7: Platyhelminthes

Trace the plathelminthes branch

• Branches of the Metazoa, eumetazoa, bilateria, and protosomia group 

How many species of plathelminths are there? What 2 lineages do they split into?

There are 23,000 species

Catenulida lineage and rhabditiphora lineage

What are examples of the catenulida lineage? What does the rhabditiphora lineage split into?

• Catenulida lineage (100 species) 

  • Ex. chain worms: free-living, microscopic freshwater forms 

• Rhabditiphora lineage (vast majority of species) 

  • Clase turbellaria: free living bottom dwellers of marine and freshwater environments 

  • Clade neodermata: parasitic forms (flukes and tubeworms) 

What were plathelminths originally classified as? What are the lineages classified with pseudocoelomates

• Previossly classed as a “primitive” basal bilateral with acoelmorphs )other acoelomate flatworms) 

  • Justification was comparative anatomy between them

• Other lineages nested within pseudocoelomates (nematodes and rotifers) or coelomates, the true protostomes (mollusks, 

What is the current placement of platyhelminths

Places with spiralians: grouping off of lophotrochoza with a spiral cleavage pattern

Where does spiralia come from? What is lophotrochozoa

Deep within protozoa while acoelomoprhs split before the protostoma

• Lophotrochoza: superphylum of protozoan bilaterians 

  • Lophopore = horseshoe-shaped feeding structure 

  • Trochozoa: top-shaped ciliated larval forms 

  • Not all members perfectly share this, ex.

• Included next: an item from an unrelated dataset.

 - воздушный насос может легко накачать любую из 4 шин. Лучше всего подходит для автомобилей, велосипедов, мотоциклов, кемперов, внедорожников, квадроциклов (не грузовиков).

Platyherminthes don’t have a lophore so they can also be called spiralians 

How many smaller phyla are in spiralia

8 smaller phyla

What do acoelomorpha and platyhelminths have in common? what do they differ

Both:

• No coelom or anus 

• Unsegmented 

• No respriatory or circulatory system 

Acoelomorpha

• Blind gut, free living marine worms, simple nervous system w no brain

Platyhelminths

• branched gastrovascular cavity, still simple gut with one opening

• includes free living and parasitic forms

• some have brain and cephalization

What makes platyhelminths Bilateria? What is the mesoderm? How does endoderm form?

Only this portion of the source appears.